Healthy lives, healthy people
At present, NHS SSS are commissioned by primary care trusts (PCTs), however PCTs will be abolished in a planned re-organisation of the NHS in England; how NHS SSS might look in the post-reorganisation landscape is currently unclear. The Government White Paper, Healthy lives, healthy people: Our strategy for public health in England,28 however, shows that smoking remains a public health priority for the coalition Government and details how a new organisation, Public Health England, will work with local authorities to reduce tobacco smoking.28 Although the specifics of how this might be operationalised are awaited, it seems highly probable that the provision of intensive cessation support, which is currently provided via NHS SSS, will fall within the remit of local authorities. Consequently, the three sets of guidance reviewed in this article will remain relevant, despite substantial organisational changes.
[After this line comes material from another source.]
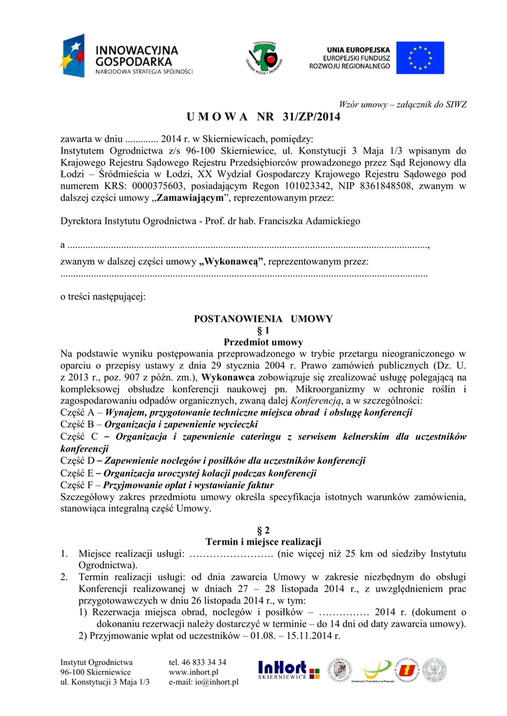 Wzór umowy – załącznik do SIWZ U M O W A NR 31/ZP/2014 zawarta w dniu ............. 2014 r. w Skierniewicach, pomiędzy: Instytutem Ogrodnictwa z/s 96-100 Skierniewice, ul. Konstytucji 3 Maja 1/3 wpisanym do Krajowego Rejestru Sądowego Rejestru Przedsiębiorców prowadzonego przez Sąd Rejonowy dla Łodzi – Śródmieścia w Łodzi, XX Wydział Gospodarczy Krajowego Rejestru Sądowego pod numerem KRS: 0000375603, posiadającym Regon 101023342, NIP 8361848508, zwanym w dalszej części umowy „Zamawiającym”, reprezentowanym przez: Dyrektora Instytutu Ogrodnictwa - Prof. dr hab. Franciszka Adamickiego a ............................................................................................................................................., zwanym w dalszej części umowy „Wykonawcą”, reprezentowanym przez: ................................................................................................................................................ o treści następującej: POSTANOWIENIA UMOWY §1 Przedmiot umowy Na podstawie wyniku postępowania przeprowadzonego w trybie przetargu nieograniczonego w oparciu o przepisy ustawy z dnia 29 stycznia 2004 r. Prawo zamówień publicznych (Dz. U. z 2013 r., poz. 907 z późn. zm.), Wykonawca zobowiązuje się zrealizować usługę polegającą na kompleksowej obsłudze konferencji naukowej pn. Mikroorganizmy w ochronie roślin i zagospodarowaniu odpadów organicznych, zwaną dalej Konferencją, a w szczególności: Część A – Wynajem, przygotowanie techniczne miejsca obrad i obsługę konferencji Część B – Organizacja i zapewnienie wycieczki Część C – Organizacja i zapewnienie cateringu z serwisem kelnerskim dla uczestników konferencji Część D – Zapewnienie noclegów i posiłków dla uczestników konferencji Część E – Organizacja uroczystej kolacji podczas konferencji Część F – Przyjmowanie opłat i wystawianie faktur Szczegółowy zakres przedmiotu umowy określa specyfikacja istotnych warunków zamówienia, stanowiąca integralną część Umowy. 1. 2. §2 Termin i miejsce realizacji Miejsce realizacji usługi: ……………………. (nie więcej niż 25 km od siedziby Instytutu Ogrodnictwa). Termin realizacji usługi: od dnia zawarcia Umowy w zakresie niezbędnym do obsługi Konferencji realizowanej w dniach 27 – 28 listopada 2014 r., z uwzględnieniem prac przygotowawczych w dniu 26 listopada 2014 r., w tym: 1) Rezerwacja miejsca obrad, noclegów i posiłków – …………… 2014 r. (dokument o dokonaniu rezerwacji należy dostarczyć w terminie – do 14 dni od daty zawarcia umowy). 2) Przyjmowanie wpłat od uczestników – 01.08. – 15.11.2014 r. Instytut Ogrodnictwa 96-100 Skierniewice ul. Konstytucji 3 Maja 1/3 tel. 46 833 34 34 www.inhort.pl e-mail: [email protected] 3) Wystawianie faktur dla uczestników - 01.08. – 28.11.2014 r. 4) Obsługa konferencji wraz z cateringiem – do dnia 28.11.2014 r. (włącznie). 1. 2. 3. 4. 5. 6. §3 Obowiązki Wykonawcy Wykonawca oświadcza, że dysponuje wiedzą i doświadczeniem oraz osobami i zapleczem technicznym do wykonania przedmiotu Umowy z należytą starannością, z uwzględnieniem standardów przyjętych w obsłudze konferencji naukowych, zgodnie z warunkami SIWZ. Wykonawca oświadcza, że przyjmuje do realizacji wszystkie obowiązki niezbędne do wykonania przedmiotu Umowy, wyszczególnione w SIWZ. Wykonawca zobowiązuje się w szczególności do: 1) Przekazania Zamawiającemu potwierdzenia zarezerwowania miejsca obrad wskazanego w ofercie Wykonawcy; 2) Zapewnienia w przedmiotowym miejscu obrad noclegów i posiłków dla wszystkich uczestników Konferencji (70-120 osób) za ceny jednostkowe ryczałtowe zaoferowane w ofercie; 3) Zorganizowania wycieczki do …………………………………………………………., 4) Informowania Zamawiającego o wszelkich trudnościach w wykonywaniu przez Wykonawcę przedmiotu umowy; 5) Obsługi technicznej sal i sprzętu multimedialnego; 6) Posprzątania i usunięcia śmieci po zakończeniu serwowania wyżywienia. Wykonawca ponosi pełną odpowiedzialność za ogólną i techniczną kontrolę nad wykonaniem przedmiotu Umowy. Wykonawca ponosi całkowitą odpowiedzialność za nadzór nad zatrudnionym personelem oraz zobowiązany jest do wypełnienia wszystkich prawnych zobowiązań związanych z zatrudnieniem personelu. Wykonawca oświadcza, że zapewnia nocleg w pokojach jedno, dwu, trzy i czteroosobowych z łazienkami oraz posiłki dla wszystkich uczestników konferencji, za ceny jednostkowe wskazane w ofercie dla uczestników ze strony Zamawiającego. §4 Podwykonawcy 1. Wykonawca może posługiwać się przy wykonywaniu przedmiotu umowy podwykonawcami w zakresie wskazanym w ofercie. 2. Za działania, uchybienia lub zaniechania podwykonawców Wykonawca ponosi odpowiedzialność jak za własne działania, uchybienia lub zaniechania. 3. Do zawarcia przez podwykonawcę umowy z dalszym podwykonawcą jest wymagana uprzednia pisemna zgoda obu Stron. 4. Zmiana podwykonawcy biorącego udział w realizacji zamówienia, z zasobów których Wykonawca korzystał wykazując spełnianie warunków udziału w postępowaniu, może nastąpić za zgodą Zamawiającego tylko w przypadku, gdy Wykonawca dodatkowo przedłoży wymagane na etapie postępowania o udzielenie zamówienia dokumenty, w których nowy podwykonawca wykaże spełnianie warunków w zakresie nie mniejszym niż wskazany w SIWZ. §5 Obowiązki Zamawiającego 1. Zamawiający zobowiązuje się do aktywnego współdziałania z Wykonawcą w trakcie realizacji przedmiotu Umowy, a w szczególności do: 1) opiniowania i udzielania wyjaśnień w terminie 2 dni od daty ich zgłoszenia, 2) przekazania listy uczestników Konferencji ze strony Zamawiającego w terminie 7 dni przed rozpoczęciem realizacji usługi. 2 1. §6 Wynagrodzenie i warunki płatności Zamawiający zobowiązuje się zapłacić za prawidłowo wykonany przedmiot umowy wynagrodzen

The pieces of guidance discussed in this article demonstrate that the NHS treats smoking as a serious threat to the nation’s health and tackling this requires a systematic approach across the whole health service. The NICE recommendations relating to drug treatments are most likely to change in the near future due to the strengthening evidence base for different uses of smoking cessation pharmacotherapy. However, many of the behavioural aspects of smoking cessation management—such as how to deliver brief intervention counselling, whether abrupt or gradual cessation is equally successful, and whether repeated re-treatment of ‘failed quitters’ at shorter intervals is effective or not—are underpinned by relatively little empirical data and research, Results of research on all of these interventions could perhaps have even greater impacts on the effectiveness of smoking cessation treatment in the NHS. Finally, in a time of massive organisational upheaval for the NHS, it is important to remember that smoking is the single most important, reversible cause of ill health in the UK and it remains hugely important to maintain an organised approach towards eliminating it.